Segment Start: Input material
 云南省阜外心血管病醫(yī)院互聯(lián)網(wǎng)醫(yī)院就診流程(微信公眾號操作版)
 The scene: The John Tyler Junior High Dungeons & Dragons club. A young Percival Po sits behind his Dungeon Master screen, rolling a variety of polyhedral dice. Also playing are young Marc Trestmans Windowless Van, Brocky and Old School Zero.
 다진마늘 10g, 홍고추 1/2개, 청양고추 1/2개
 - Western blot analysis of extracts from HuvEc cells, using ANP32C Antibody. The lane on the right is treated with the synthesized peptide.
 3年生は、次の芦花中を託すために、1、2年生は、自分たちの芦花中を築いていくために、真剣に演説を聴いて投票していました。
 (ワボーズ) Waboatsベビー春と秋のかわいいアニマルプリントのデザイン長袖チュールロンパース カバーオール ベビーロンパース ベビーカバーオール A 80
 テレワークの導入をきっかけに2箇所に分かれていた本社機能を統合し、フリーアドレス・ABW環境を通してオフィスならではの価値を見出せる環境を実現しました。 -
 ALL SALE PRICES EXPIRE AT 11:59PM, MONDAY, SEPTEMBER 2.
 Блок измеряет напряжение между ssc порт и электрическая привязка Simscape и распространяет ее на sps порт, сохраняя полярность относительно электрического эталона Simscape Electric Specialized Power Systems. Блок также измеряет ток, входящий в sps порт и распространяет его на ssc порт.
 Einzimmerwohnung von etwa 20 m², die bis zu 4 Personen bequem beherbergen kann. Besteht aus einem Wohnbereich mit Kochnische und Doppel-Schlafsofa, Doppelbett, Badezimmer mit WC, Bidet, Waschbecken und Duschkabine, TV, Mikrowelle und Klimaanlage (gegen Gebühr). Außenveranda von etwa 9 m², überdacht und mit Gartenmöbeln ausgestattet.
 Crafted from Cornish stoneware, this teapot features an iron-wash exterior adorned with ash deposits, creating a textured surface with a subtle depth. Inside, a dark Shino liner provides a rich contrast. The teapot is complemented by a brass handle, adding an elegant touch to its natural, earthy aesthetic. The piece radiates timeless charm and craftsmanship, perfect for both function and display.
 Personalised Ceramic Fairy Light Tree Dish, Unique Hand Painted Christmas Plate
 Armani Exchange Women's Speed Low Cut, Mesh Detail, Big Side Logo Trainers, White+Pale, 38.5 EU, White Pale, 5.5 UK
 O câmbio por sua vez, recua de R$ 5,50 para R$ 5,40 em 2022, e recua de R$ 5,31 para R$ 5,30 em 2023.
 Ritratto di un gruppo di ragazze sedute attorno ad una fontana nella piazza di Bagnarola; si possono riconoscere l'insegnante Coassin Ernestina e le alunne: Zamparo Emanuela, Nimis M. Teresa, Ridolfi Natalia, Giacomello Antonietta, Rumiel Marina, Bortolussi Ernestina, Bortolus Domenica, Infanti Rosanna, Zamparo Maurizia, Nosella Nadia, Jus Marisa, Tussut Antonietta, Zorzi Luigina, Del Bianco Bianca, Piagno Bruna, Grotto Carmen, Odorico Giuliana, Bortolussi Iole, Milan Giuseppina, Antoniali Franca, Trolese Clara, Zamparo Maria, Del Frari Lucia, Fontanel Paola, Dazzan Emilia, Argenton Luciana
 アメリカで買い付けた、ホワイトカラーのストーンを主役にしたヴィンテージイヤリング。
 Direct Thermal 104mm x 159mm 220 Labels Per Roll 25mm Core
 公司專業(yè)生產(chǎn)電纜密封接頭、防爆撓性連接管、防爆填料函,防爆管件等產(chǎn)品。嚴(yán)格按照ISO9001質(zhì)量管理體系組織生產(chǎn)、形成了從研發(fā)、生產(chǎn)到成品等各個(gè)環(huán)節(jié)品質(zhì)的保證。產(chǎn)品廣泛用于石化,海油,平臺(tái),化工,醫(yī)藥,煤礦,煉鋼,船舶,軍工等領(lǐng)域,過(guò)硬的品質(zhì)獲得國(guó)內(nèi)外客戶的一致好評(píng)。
Segment End: Input material
> _Task_:
Print out each line of the data exactly.

> _Your solution_:
 云南省阜外心血管病醫(yī)院互聯(lián)網(wǎng)醫(yī)院就診流程(微信公眾號操作版)
 The scene: The John Tyler Junior High Dungeons & Dragons club. A young Percival Po sits behind his Dungeon Master screen, rolling a variety of polyhedral dice. Also playing are young Marc Trestmans Windowless Van, Brocky and Old School Zero.
 다진마늘 10g, 홍고추 1/2개, 청양고추 1/2개
 - Western blot analysis of extracts from HuvEc cells, using ANP32C Antibody. The lane on the right is treated with the synthesized peptide.
 3年生は、次の芦花中を託すために、1、2年生は、自分たちの芦花中を築いていくために、真剣に演説を聴いて投票していました。
 (ワボーズ) Waboatsベビー春と秋のかわいいアニマルプリントのデザイン長袖チュールロンパース カバーオール ベビーロンパース ベビーカバーオール A 80
 テレワークの導入をきっかけに2箇所に分かれていた本社機能を統合し、フリーアドレス・ABW環境を通してオフィスならではの価値を見出せる環境を実現しました。 -
 ALL SALE PRICES EXPIRE AT 11:59PM, MONDAY, SEPTEMBER 2.
 Блок измеряет напряжение между ssc порт и электрическая привязка Simscape и распространяет ее на sps порт, сохраняя полярность относительно электрического эталона Simscape Electric Specialized Power Systems. Блок также измеряет ток, входящий в sps порт и распространяет его на ssc порт.
 Einzimmerwohnung von etwa 20 m², die bis zu 4 Personen bequem beherbergen kann. Besteht aus einem Wohnbereich mit Kochnische und Doppel-Schlafsofa, Doppelbett, Badezimmer mit WC, Bidet, Waschbecken und Duschkabine, TV, Mikrowelle und Klimaanlage (gegen Gebühr). Außenveranda von etwa 9 m², überdacht und mit Gartenmöbeln ausgestattet.
 Crafted from Cornish stoneware, this teapot features an iron-wash exterior adorned with ash deposits, creating a textured surface with a subtle depth. Inside, a dark Shino liner provides a rich contrast. The teapot is complemented by a brass handle, adding an elegant touch to its natural, earthy aesthetic. The piece radiates timeless charm and craftsmanship, perfect for both function and display.
 Personalised Ceramic Fairy Light Tree Dish, Unique Hand Painted Christmas Plate
 Armani Exchange Women's Speed Low Cut, Mesh Detail, Big Side Logo Trainers, White+Pale, 38.5 EU, White Pale, 5.5 UK
 O câmbio por sua vez, recua de R$ 5,50 para R$ 5,40 em 2022, e recua de R$ 5,31 para R$ 5,30 em 2023.
 Ritratto di un gruppo di ragazze sedute attorno ad una fontana nella piazza di Bagnarola; si possono riconoscere l'insegnante Coassin Ernestina e le alunne: Zamparo Emanuela, Nimis M. Teresa, Ridolfi Natalia, Giacomello Antonietta, Rumiel Marina, Bortolussi Ernestina, Bortolus Domenica, Infanti Rosanna, Zamparo Maurizia, Nosella Nadia, Jus Marisa, Tussut Antonietta, Zorzi Luigina, Del Bianco Bianca, Piagno Bruna, Grotto Carmen, Odorico Giuliana, Bortolussi Iole, Milan Giuseppina, Antoniali Franca, Trolese Clara, Zamparo Maria, Del Frari Lucia, Fontanel Paola, Dazzan Emilia, Argenton Luciana
 アメリカで買い付けた、ホワイトカラーのストーンを主役にしたヴィンテージイヤリング。
 Direct Thermal 104mm x 159mm 220 Labels Per Roll 25mm Core
 公司專業(yè)生產(chǎn)電纜密封接頭、防爆撓性連接管、防爆填料函,防爆管件等產(chǎn)品。嚴(yán)格按照ISO9001質(zhì)量管理體系組織生產(chǎn)、形成了從研發(fā)、生產(chǎn)到成品等各個(gè)環(huán)節(jié)品質(zhì)的保證。產(chǎn)品廣泛用于石化,海油,平臺(tái),化工,醫(yī)藥,煤礦,煉鋼,船舶,軍工等領(lǐng)域,過(guò)硬的品質(zhì)獲得國(guó)內(nèi)外客戶的一致好評(píng)。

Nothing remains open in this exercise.